## Provided material
——

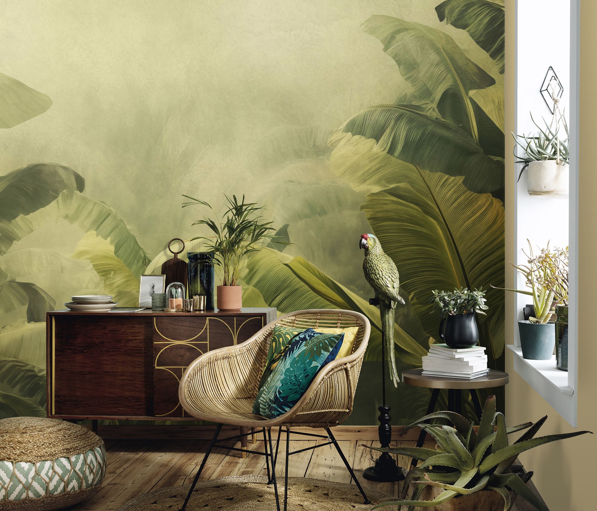 Diese botanische Tapete aus der Kollektion Big Pictures zeigt großformatige Bananenblätter in sanften Olivgrün-, Beige- und Cremetönen. Die naturalistische Darstellung mit deutlich sichtbaren Blattadern und organischen Formen vermittelt eine tropische, dschungelartige Atmosphäre. Der malerische, fast aquarellartige Stil verleiht dem Design eine ruhige, zeitgenössische Note.
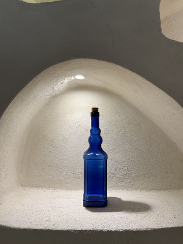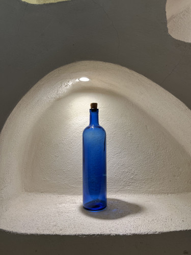 بطری شیشه ای مدل آب خورشیدی | کبالتی آبی | ورساچه یک لیتری | به همراه درب چوب پنبه
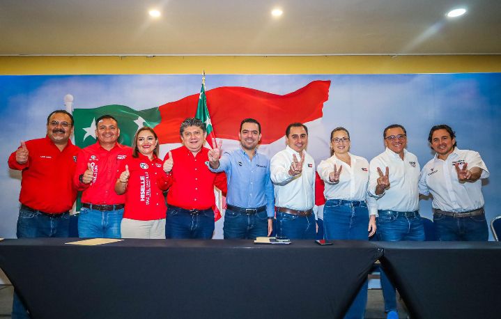 En rueda de prensa, las y los candidatos a legisladores federales de esta coalición en Yucatán, acompañados de los presidentes estatales, Asis Cano Cetina del PAN y Gaspar Quintal Parra del PRI, orientadas a fortalecer las instituciones, así como la seguridad y el sistema de salud.
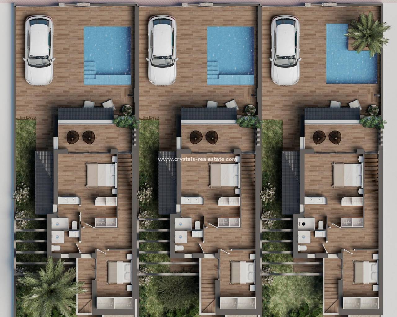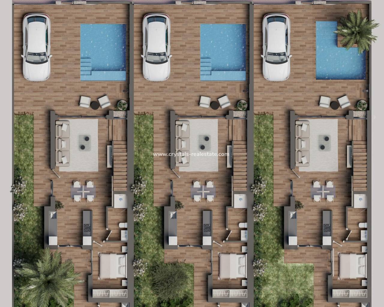 Villas de lujo en San Pedro del Pinatar - Vida moderna en una ubicación privilegiada Vista general de las impresionantes villas de nueva construcción Descubra el epítome de la vida de lujo en San Pedro del Pinatar con estas excepcionales villas de nueva construcción. Cada villa ha sido cuidadosamente diseñada con una meticulosa atención al detalle, ofreciendo interiores espaciosos e iluminados por el sol que combinan estilo y confort. Estas villas cuentan con una sala de estar de planta abierta, comedor y cocina, creando un flujo continuo en todo el espacio de vida principal. Con 3 dormitorios, incluyendo una suite principal con vestidor y baño privado, estas casas son perfectas para aquellos que buscan elegancia y funcionalidad. Espacios exteriores privados y servicios de alta gama Cada villa está situada en una parcela privada de aproximadamente 200 metros cuadrados, lo que proporciona un amplio espacio para la vida al aire libre y la relajación. La propiedad incluye una piscina privada, perfecta para disfrutar de los cálidos días mediterráneos, y una zona de aparcamiento designada. Un amplio solárium privado ofrece un hermoso espacio para tomar el sol, entretenerse o simplemente disfrutar de la tranquilidad del entorno. Estas villas ofrecen un estilo de vida de alta calidad con servicios de primera calidad y comodidades modernas en una de las zonas costeras más deseadas de España. Ubicación privilegiada en San Pedro del Pinatar San Pedro del Pinatar es conocido por sus hermosas playas, su vibrante comunidad y su proximidad a servicios esenciales y actividades de ocio. Situadas a sólo 900 m de la playa y de las instalaciones para deportes acuáticos, estas villas permiten a los residentes disfrutar de toda la belleza natural y las oportunidades recreativas de la costa del Mar Menor. Las villas también están convenientemente cerca de una amplia gama de servicios locales, incluyendo tiendas, restaurantes y bares. Los centros comerciales más grandes están a poca distancia en coche, proporcionando a los residentes un fácil acceso a una variedad de opciones de venta al por menor. Proximidad a puntos de interés clave Aeropuerto de Murcia-Corvera: Aproximadamente a 30 km de distancia, ofreciendo cómodas opciones de viajes internacionales y nacionales. Aeropuerto de Alicante: A sólo una hora en coche (unos 85 km), proporcionando acceso a numerosos destinos globales. Varios campos de golf como Lo Romero, Roda Golf o La Serena a poca distancia en coche, perfectos para los entusiastas del golf. Centros comerciales: A 10 minutos en coche del Centro Comercial Dos Mares, que ofrece varias tiendas minoristas, restaurantes y opciones de entretenimiento. Playas del Mar Menor: A sólo 900 m de las villas, estas costas de arena son ideales para relajarse, nadar y realizar actividades acuáticas. Experimente el encanto de San Pedro del Pinatar San Pedro del Pinatar ofrece el encanto de una ciudad costera tradicional española a la vez que todas las comodidades modernas. Su estratégica ubicación cerca del Mar Menor y de la Costa Cálida garantiza un fácil acceso a hermosas playas, servicios de alta calidad y una vibrante cultura local, lo que la convierte en el lugar ideal al que llamar hogar.
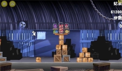 这一关比较麻烦。对于目标的要求比较精确。你需要让你的黄色小鸟瞄准。建筑物中间部位的方块空心木架,而且在射击的时候要确保摧毁第一个笼子。使用一个小鸟完成本任务即可三星
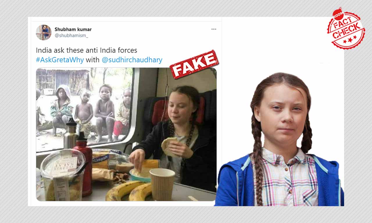 ट्विटर पर पर्यावरण कार्यकर्ता ग्रेटा थन्बर्ग की एक फ़ोटोशॉप्ड तस्वीर वायरल हो रही है. नेटिज़ेंस यह बता कर रहे हैं कि ट्रेन के बाहर गरीब बैठे हैं और ग्रेटा ट्रेन के अंदर लंच कर रही हैं. यह तस्वीर फ़र्ज़ी है.
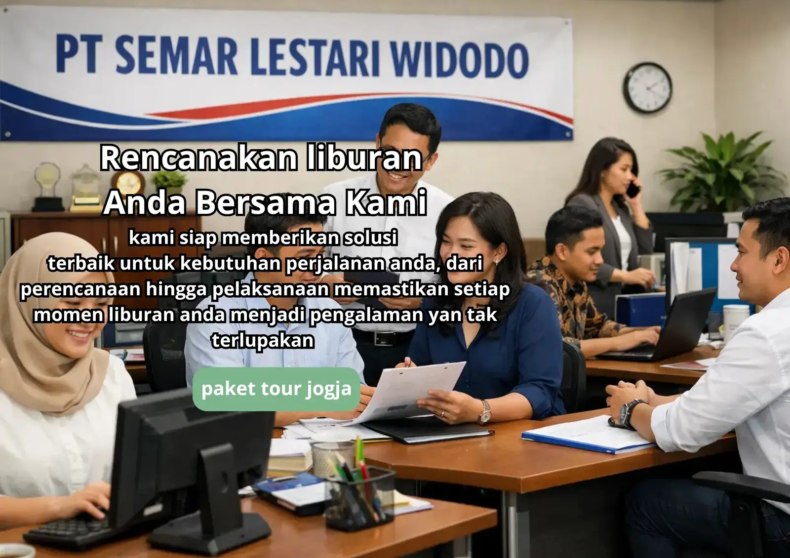 PT Semar Lestari Widodo berkomitmen untuk memberikan pengalaman wisata yang unik dan berarti. Dengan tim profesional yang berpengalaman, kami menawarkan berbagai paket wisata yang fleksibel dan disesuaikan dengan kebutuhan Anda. Dari keindahan alam, kekayaan budaya, hingga sejarah yang menarik, kami siap mengalihkan perhatian Anda ke destinasi terbaik di Indonesia.
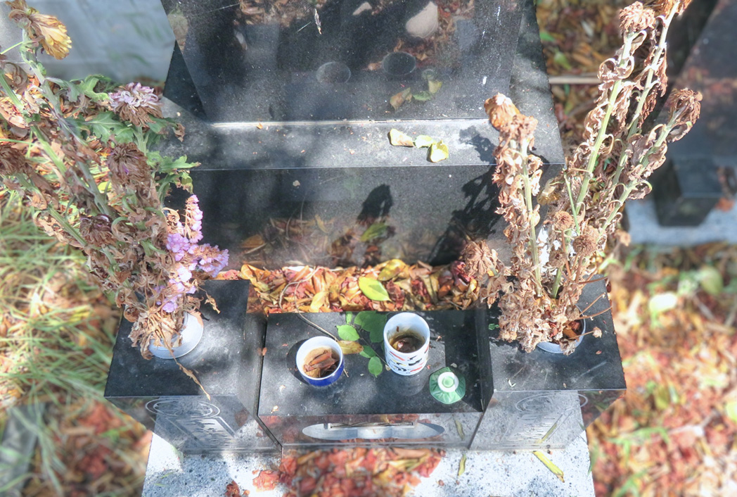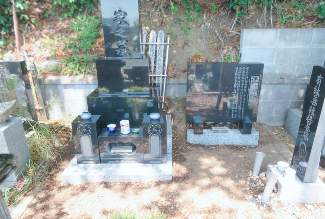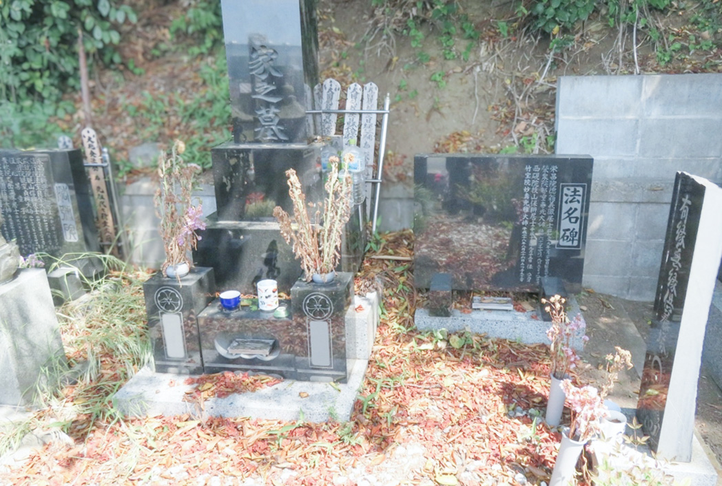 墓石1基・物置台1基・墓誌1基・物置台の拭き掃除・区画内のゴミ拾い・落ち葉拾い・草取り・香炉清掃・湯呑清掃・水交換・お線香

——

## Task objective
Give back an exact repeat of the lines from the top of the data through the line that holds "En rueda de", both included, and omit pictures.

## Response
 Diese botanische Tapete aus der Kollektion Big Pictures zeigt großformatige Bananenblätter in sanften Olivgrün-, Beige- und Cremetönen. Die naturalistische Darstellung mit deutlich sichtbaren Blattadern und organischen Formen vermittelt eine tropische, dschungelartige Atmosphäre. Der malerische, fast aquarellartige Stil verleiht dem Design eine ruhige, zeitgenössische Note.
 بطری شیشه ای مدل آب خورشیدی | کبالتی آبی | ورساچه یک لیتری | به همراه درب چوب پنبه
 En rueda de prensa, las y los candidatos a legisladores federales de esta coalición en Yucatán, acompañados de los presidentes estatales, Asis Cano Cetina del PAN y Gaspar Quintal Parra del PRI, orientadas a fortalecer las instituciones, así como la seguridad y el sistema de salud.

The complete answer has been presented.